The Nairobi Stock Exchange started electronic trading four years ago. The USE still faces usual challenges of African securities markets, including: low levels of domestic savings (reportedly 15% in Uganda); low awareness; thin supply of new equities; an underdeveloped pension sector which has not been liberalized; underdeveloped life insurance sector; and the current global financial crisis.
However, the regional integration project seems to be gaining momentum, including a customs union protocol. The Monitor newspaper (www.monitor.co.ug) reports that the East African Community Secretariat (www.eac.int) is holding consultations in the five partner states from 7-25 September on an East African Monetary Union (EAMU). They consultations target stakeholders such as: ministries of finance, EAC, trade, planning, etc; central banks, regulators; bureaus of statistics; bankers associations; academia; parliamentarians; the private sector and civil society. It is supported by the European Central Bank (www.ecb.int).

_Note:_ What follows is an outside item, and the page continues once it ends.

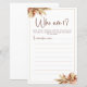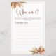 Adote o charme rústico do outono com nosso Cartão de Jogo Quem Sou Eu de Grama Seca dos Pampas, perfeito para chá de noiva boho e encontros temáticos. Adornado com detalhes dourados, este cartão caprichoso captura a essência da elegância boêmia, adicionando um toque de beleza natural a qualquer evento. Deixe que as cores suaves e discretas da grama dos pampas definam o tom para um jogo de adivinhação encantador que vai encantar os convidados e criar memórias inesquecíveis.

According to reports, the launching date for the political federation is set at 1 January 2010. After the customs union, the EAC will progress to a common market and harmonizing labour policies and legislation.
August 22nd, 2009 by Tom Minney
Tanzania seems to be warming to the idea of linking the East African stock exchanges, in what could eventually be the development of a major regional market.
According to local media reports, Acting CEO of the Dar es Salaam Stock Exchange Mary Mniwasa said it is ready to join a software called Smart Order Router which links the securities exchanges of the East African Community member states. She is reported to have said the system will allow a stockbroker from the DSE, the Nairobi Stock Exchange and the Uganda Securities Exchange to see the markets and trade across borders without physically contacting a local market stockbroker.
The report quotes Simon Rutega, CEO of the USE, as saying Uganda fully supports the proposed integration of stock markets in east Africa. They have started using Central Depository Securities for holding securities and assisting in settlement.
The DSE and USE have long been dogged by lack of liquidity and outside investor interest. The newspaper cites a study by Codogan Financial & Associates, funded by the Efficient Securities Markets Institutional Development Initiative of the International Finance Corporation, part of the World Bank group. According to this, there are simply too few institutions and individuals who wish to invest in East Africa. The objective of the EAC stockmarkets integration is to enable consolidated EAC capital to flow and participants to operate freely across borders
The integration is being guided by an East African Securities Exchange Association, comprising the chief executives of the four exchanges – Dar, Nairobi, Uganda and Rwanda’s recently formed Over-The-Counter market. The original timetable was set in 2008 when the association resolved that a single clearing and settlement infrastructure was to be implemented within 3-6 months after January 2009. Senior members of the NSE are doubtful on progress.
One of the initiatives of the association is to integrate trading, clearing and settlement infrastructures within the EAC to facilitate a faster trading system within the bloc.
Tanzania has previously barred non-citizens from participating in initial public offers, such as when a 21% stake in the National Microfinance Bank was floated last year. In March 2008, it blocked its citizens from participating in the Safaricom IPO in Kenya.